翌日、アーロンたちが泊まる宿には多くの商人が集まった。
宿の営業妨害になるので、商人たちにはヴァルト男爵領に来るか、もしくはハーフェン男爵を通してくれと伝えると、商人たちは納得したように帰っていった。
落ち着いた頃、アーロンは両親と共にエラポスの奴隷商、コックス奴隷商にやってきた。
人材発掘の為に。
優秀な人材は多ければ多い程良い。
だが、その優秀な人材が若い場合は、適切な指導が必要だ。
だからこそ、アーロンは指導者も探していた。
コックス奴隷商に入ったアーロンはガイドと相談しつつ、両親に担当者との取引を任せて次から次へと優秀な人材をキープしていった。
とある檻の前を通ったとき、アーロンに抱えられたスノウが鳴いた。
その鳴き声に反応して、アーロンは彼を視た。
「とまって」
アーロンの声に止まったロベルトとソフィアは檻の中を見た。
中には、みすぼらしい服を纏った腕と足の無い男がいた。
「彼を買います」
「アーロン」
「彼にしかできない仕事があるんだよ」
「……分かった」
アーロンが同情で買うつもりであれば諌めるつもりだったロベルトは、理由を聞いて、頷いた。
コックス奴隷商では、女好きの元Bランク冒険者とギャンブル好きの元凄腕暗殺者、アルコール依存症の元宮廷薬師、亡国の元騎士団長、四肢欠損した男、将来有望そうな潜在能力がある子供たち8人を購入した。
自作の鑑定眼鏡で彼らのステータスを眺めたアーロンは思う。
(まともそうなのが、元騎士団長と四肢欠損した彼と子供たちか……大丈夫かな?)
若干不安を抱きながらも、奴隷たちにヴァルトバングルの収納機能で空になった荷馬車へ乗ってもらい、自分たちも馬車に乗り込んだ一行は、ヴァルト領へと向かった。
途中の山で範囲転移機能(アーロンや家族、一部の村人のみ使用可)を使って、馬車と荷馬車ごとヴァルト領へ転移した。
転移した後、アーロンは四肢欠損した男の上に神慈石というサファイアのような青い石を乗せた。

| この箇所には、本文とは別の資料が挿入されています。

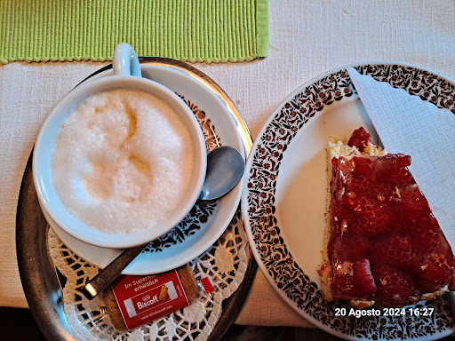 Zufällig entdeckten wir nach einem schönen Spaziergang zur Ave Maria-Kapelle und rund darum herum das Cafe Krapf mit seinem herrlichen Blumengarten. Das sah so einladend aus, dass wir kein Halten mehr kannten. Zufällig merkten wir auch, dass unser Kaffee- und Zuckerspiegel dringend nach oben korrigiert musste... und so kosteten wir uns in gemütlicher Atmosphäre drinnen im Haus (man kann auch unter Sonnenschirmen im Garten sitzen) happy - und ermuntert von der freundlichen Chefin mit: "Ihr könnt's euch doch leisten, so schlank wie ihr seid!" - durch herrliche Kuchen und Torten. Besonders die Schwarzwälder Kirsch und den Rhabarberkuchen mit Sahne fand ich genial. Insgesamt waren alle Kuchen frisch, nicht "von der Stange" und einfach nur köstlich. Klar, dass wir auch für zuhause noch zwei mitgenommen haben. Großes Lob und Dankeschön, dass unser Ausflug einen so tollen...

アーロン自身が触れないようにハンカチを使って男の胸元に置かれたその石は眩い青の光を放つ。
すると、光の粒が集まって男の腕や足になった。
男にこびりついた汚れも取れて、真っ白な肌とプラチナブロンドが現れた。
男の目がゆっくりと開かれる。
美しいエメラルドのような瞳だ。
男はまるで物語に出てくる美男子のような美しさで、見惚れる者も多くいた。
男は上体を起こし、髪を耳に掛けた。
「あ、エルフだ」
奴隷の内、活発な子供がそう言った。
そう、男の耳は尖っていた。エルフの証拠だ。
エルフの男は活発な子供に微笑み、ゆっくりと、アーロンを見た。
三歳の幼子であるアーロンはたじろぐでもなく、驚くこともなく、エルフの男を見上げた。
「貴方が私を治してくれたのですね、ご主人様」
「……ご主人様は止めて。ぼくはアーロン、アーロンと呼んで」
「流石に敬称をなしにして呼ぶことはできかねますので、アーロン様とお呼びします」
「うん。ところで、君の名前は?」
「私はリート・アールヴと申します」
「そう、リートはエルフだから、精霊術が使えるんだよね?」
「はい」
「ぼくや、この地にいる子供たち、それに奴隷の子供たちに精霊術を教えてほしいんだ」
「かしこまりました。アーロン様」
「ありがとう」
アーロンは、リートが後に女児の心や一部の男児の心を鷲掴みにする初恋キラーになることを知る由もなかった。